College A: The top of the bar is at 4,000.
College B: The top of the bar is halfway between 4,000 and 5,000, which is about
4,500.
College C: The top of the bar is a little below 5,000.
College D: The top of the bar is a little below the tick mark halfway between 6,000
and 7,000; that is to say, the top of the bar is a little below 6,500.
College E: The top of the bar is halfway between 7,000 and 8,000, which is about
7,500.
End skippable part of figure description.
From the graph, we can conclude that the college with the greatest fall 2009
enrollment was College E, and the college with the least enrollment was College A.
Also, we can estimate that the enrollment for College D was about 6,400.
A segmented bar graph is used to show how different subgroups or subcategories
contribute to an entire group or category. In a segmented bar graph, each bar represents a
category that consists of more than one subcategory.
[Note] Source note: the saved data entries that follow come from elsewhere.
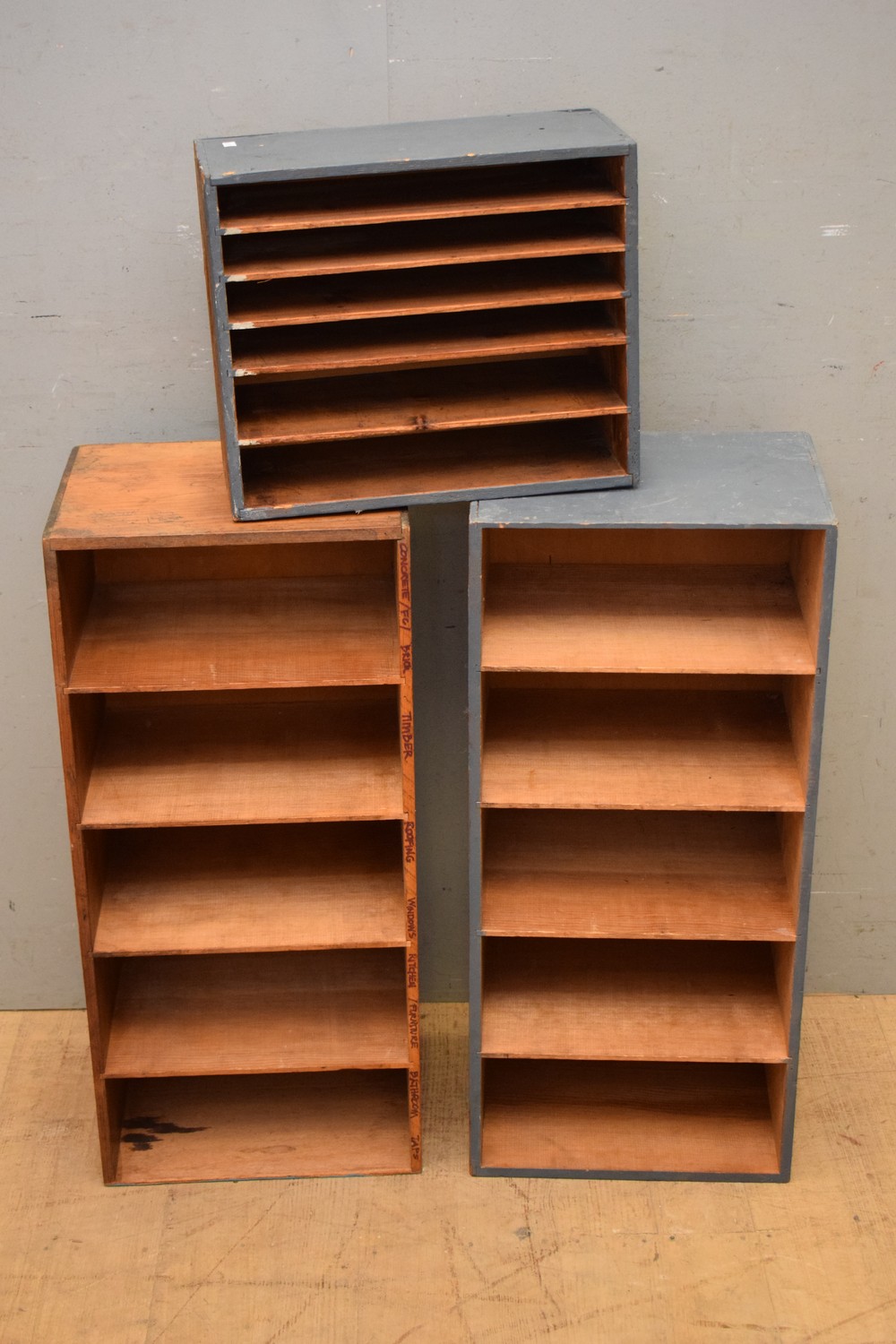 A COLLECTION OF THREE AUSTRALIAN PINE SHELVING UNITS ( 78H X 36W X 28D CM) (LEONARD JOEL DELIVERY SIZE: LARGE)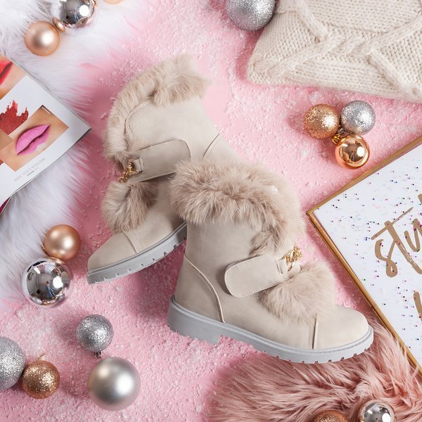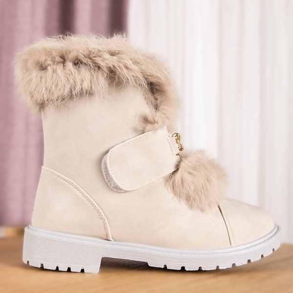 Beżowe botki z futerkiem Wiscon - Obuwie
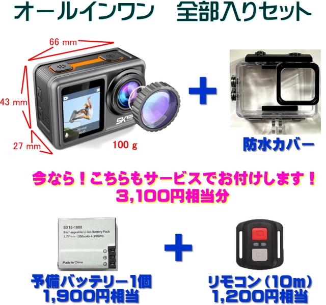 最新型 全部入り!オールインワンセットの超高画質5Kアクションウエアラブルカメラ TB-5K S81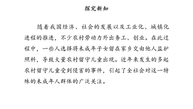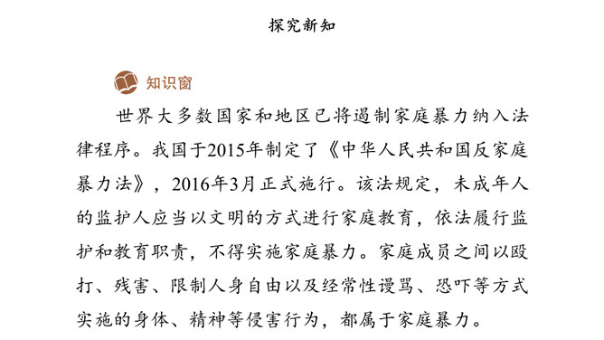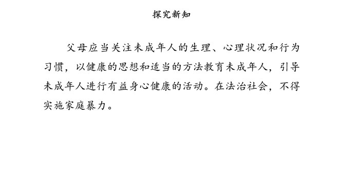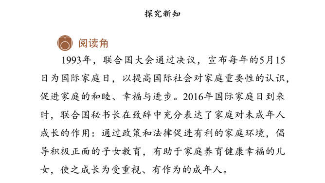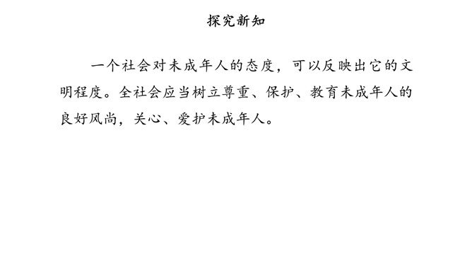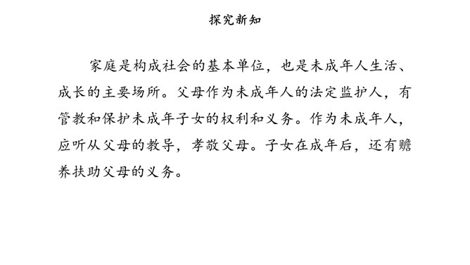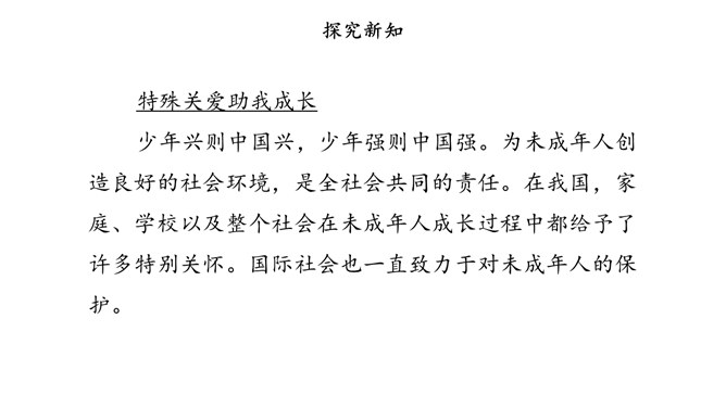 少年兴则中国兴,少年强则中国强。为未成年人创造良好的社会环境,是全社会共同的责任。在我国,家庭、学校以及整个社会在未成年人成长过程中都给予了许多特别关怀。国际社会也一直致力于对未成年人的保护。家庭是构成社会的基本单位,也是未成年人生活、成长的主要场所。父母作为未成年人的法定监护人,有管教和保护未成年子女的权利和义务。作为未成年人,应听从父母的教导,孝敬父母。子女在成年后,还有赡养扶助父母的义务。父母应当关注未成年人的生理、心理状况和行为习惯。所属专题:我们受特殊保护ppt。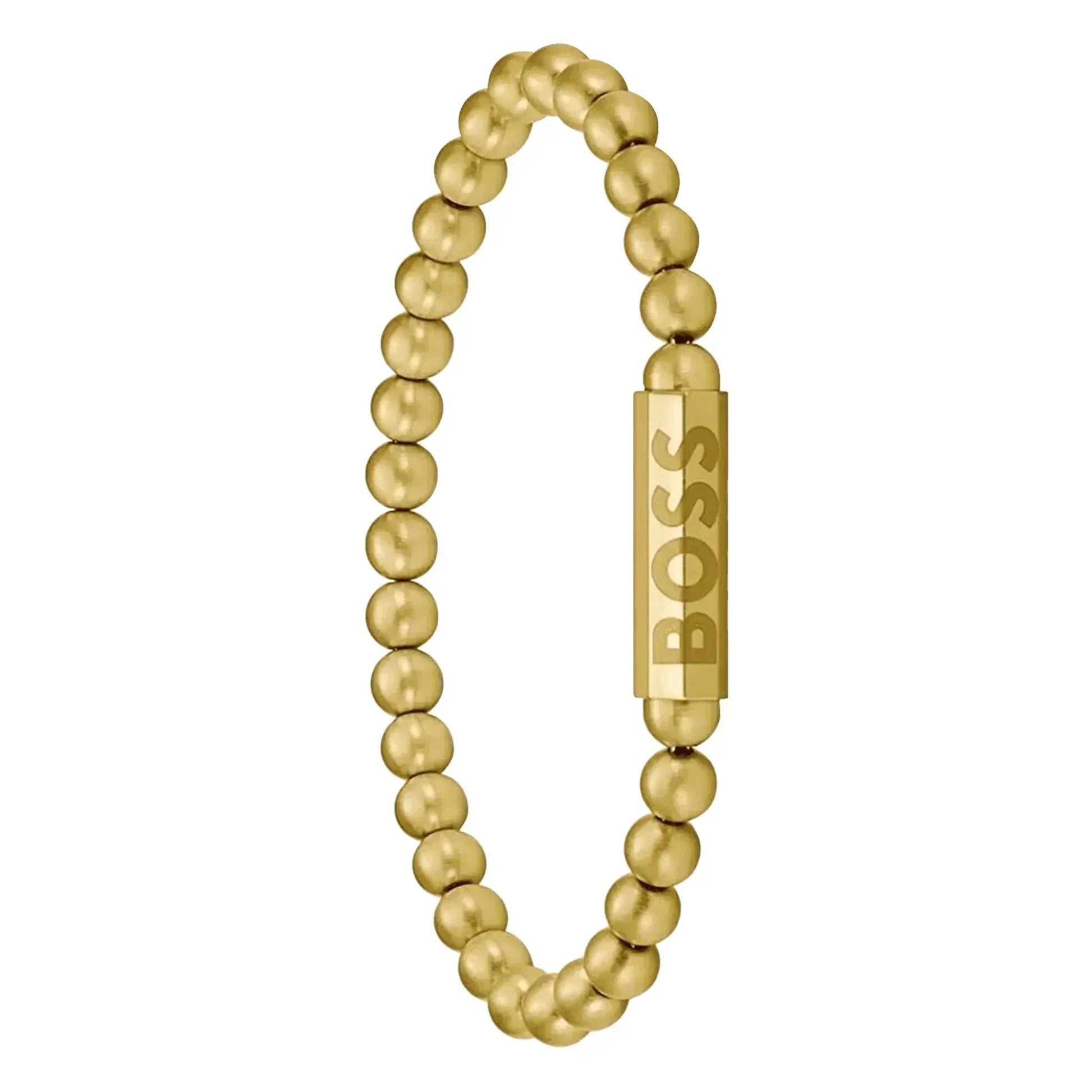 Hugo Boss Jewellery Men's Sphere Metal Collection Beaded Bracelet 1580666M. This stylish bracelet features premium brushed stainless steel with yellow gold ion plating with an octagonal-shaped magnetic closure with an engraved boss logo, this piece from the sphere collection adds a touch of sophistication and secure style to any modern man's wardrobe. This gold ion-plated bracelet is available in size 19 cm with 6mm wide beads, ensuring a luxurious and comfortable fit for medium-sized wrists.

Each bar is divided into segments
that represent the different subcategories. The height of each segment is proportional to
the frequency or relative frequency of the subcategory that the segment represents.
Example 4.1.3: Data Analysis Figure 4 below is a modified version of Data Analysis
Figure 3. All features of Data Analysis Figure 3 are in Data Analysis Figure 4, except
that each of the bars in Data Analysis Figure 4 is divided into two segments. The two
segments represent full time students and part time students.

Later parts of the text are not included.